WHAT YOU NEED TO DO: The entries below contain a stretch that opens with the line containing "Middle East Holding." and closes with the line containing "em carneira com"; set down that stretch exactly, both ends included, and nothing else.

+++ RECORD EXTRACTS +++

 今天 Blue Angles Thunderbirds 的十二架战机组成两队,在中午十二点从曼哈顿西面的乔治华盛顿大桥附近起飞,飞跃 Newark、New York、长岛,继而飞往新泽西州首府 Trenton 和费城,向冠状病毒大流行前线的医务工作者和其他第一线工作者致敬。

+++
+++ RECORD EXTRACTS +++

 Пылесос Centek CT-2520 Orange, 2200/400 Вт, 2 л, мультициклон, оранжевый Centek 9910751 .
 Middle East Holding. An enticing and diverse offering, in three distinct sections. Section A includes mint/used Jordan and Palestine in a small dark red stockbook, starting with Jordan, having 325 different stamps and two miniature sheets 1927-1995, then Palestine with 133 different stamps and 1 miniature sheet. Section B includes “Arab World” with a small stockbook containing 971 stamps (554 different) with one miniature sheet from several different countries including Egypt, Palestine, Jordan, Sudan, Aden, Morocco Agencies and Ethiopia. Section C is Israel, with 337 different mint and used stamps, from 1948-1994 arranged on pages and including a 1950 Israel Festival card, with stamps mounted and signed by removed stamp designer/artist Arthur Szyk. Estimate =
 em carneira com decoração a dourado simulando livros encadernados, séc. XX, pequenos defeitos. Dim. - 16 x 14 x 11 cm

+++
+++ RECORD EXTRACTS +++

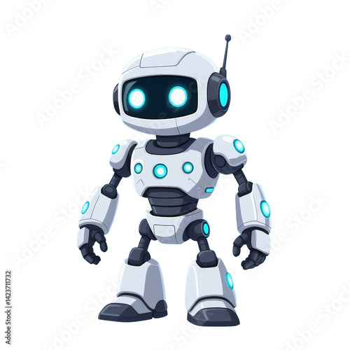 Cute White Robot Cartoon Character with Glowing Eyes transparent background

+++

OUTPUT FOR THIS TASK:
 Middle East Holding. An enticing and diverse offering, in three distinct sections. Section A includes mint/used Jordan and Palestine in a small dark red stockbook, starting with Jordan, having 325 different stamps and two miniature sheets 1927-1995, then Palestine with 133 different stamps and 1 miniature sheet. Section B includes “Arab World” with a small stockbook containing 971 stamps (554 different) with one miniature sheet from several different countries including Egypt, Palestine, Jordan, Sudan, Aden, Morocco Agencies and Ethiopia. Section C is Israel, with 337 different mint and used stamps, from 1948-1994 arranged on pages and including a 1950 Israel Festival card, with stamps mounted and signed by removed stamp designer/artist Arthur Szyk. Estimate =
 em carneira com decoração a dourado simulando livros encadernados, séc. XX, pequenos defeitos. Dim. - 16 x 14 x 11 cm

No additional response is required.